Já se encaminhando para o encerramento da obra, Maílson lembra de tantos que saem de suas pequenas cidades do sertão para tentar a vida nas cidades grandes, mudanças extremas que levam esses organismos vivos para longe da cidade, mas a cidade e sua vida pulsante não abandona por completo esses organismos vivos que partiram, tal qual o rio, que se desloca mas é sempre da cidade, tal qual o trem que se desloca mas sempre volta.

O poeta finaliza sua ode ao sertão e à cidade de onde veio em especial colocando-se como parte dela, como um órgão no corpo cidade, como um glóbulo que passa carregando vida pelas suas veias-ruas.

Poesia é um gênero complexo, muito mais dependente do gosto pessoal do que a prosa, muito mais fácil de ser julgada por sua qualidade ou falta de. O que me encanta, na obra, é a verdade que o trabalho de Maílson carrega. Ele não homenageia a cidade em vão, ele homenageia um amor verdadeiro, como uma poesia à sua amada, como os tradicionais poemas de amor que tanto sucesso fazem.

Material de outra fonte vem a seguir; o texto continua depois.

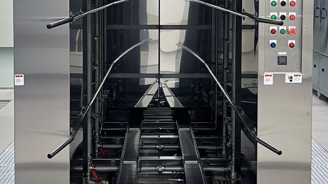コンテナを入口のコンベヤ上にセットするだけで続けて洗浄できる連続方式。

Maílson não nos transporta à Varjota pela descrição. Termino o livro sem fazer ideia de como é a cidade, de forma imagética, mas nos transporta via metáfora. Sei que tem vida de interior em Varjota, sei que no domingo tem feira e os jovens namoram na praça, sei que que a sesta é respeitada, que as ruas são pulsantes, que o rio deságua, que o trem passa, sei que pessoas saem de lá mas suas raízes ficam. Sei que, de forma metafórica, folheei a terra do sertão nordestino enquanto conhecia a cidade. Não necessariamente a cidade onde nasceu Maílson, mas a cidade onde as tradições são preservadas e as casas amanhecem todos os dias.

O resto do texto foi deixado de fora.